In Devon, more than 9,000 were killed in Devon over the course of two months in autumn 2018 according to a report by the Department for Environment, Food and Affairs (Defra).

A freedom of information request made to Natural England has revealed three of the 30 cull areas overlapped East Devon.

A total of 3,549 badgers were killed in those zones.

In one cull area, which includes the Exeter, West Devon, Teignbridge, Mid Devon and East Devon districts, 444 were killed, with 249 by controlled shooting and 195 by cage-trapping.

Another cull area, which overlaps South Somerset, East Devon, West Dorset and Exeter, 2,238 were killed with 1,271 by shooting with 967 trapped using cages.
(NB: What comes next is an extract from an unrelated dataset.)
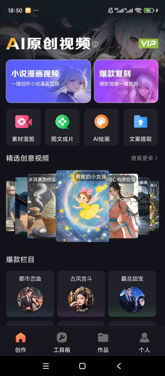 解锁VIP会员特权 AI全能短视频创作神器 无限制生成自定义视频及图片文字 海量创作素材无限制使用

A third cull area, which includes Exeter, East Devon and Mid Devon, had a total of 867 badger killings with 485 by controlled shooting and 382 by cage-trapping.

In the Defra report, Natural England chief scientist Tim Hill said the operations indicate that 'industry-led badger control continues to deliver the level of effectiveness required by the policy to be confident of achieving disease control benefits'.

But new research suggests badger culling could actually be making the problem of tuberculosis in cattle worse.

A study done by researchers from the Zoological Society of London and Imperial College London indicates culling drives the surviving badgers to 61 per cent more land each month than before the cull began.

Lead author Cally Harn said: "Because culling partly relies on shooting badgers moving around at night, the fact that badgers were active for fewer hours per night could actually be undermining culling efforts to further control badger numbers."

A Defra spokesman said: "Bovine TB remains the greatest animal health threat to the UK, costing taxpayers over £100 million every year as well as causing devastation and distress for farmers and rural communities.

"There is no single measure that will provide an easy answer to beating the disease and we are pursuing a range of interventions to eradicate it by 2038, including tighter cattle movement controls, regular testing and vaccinations."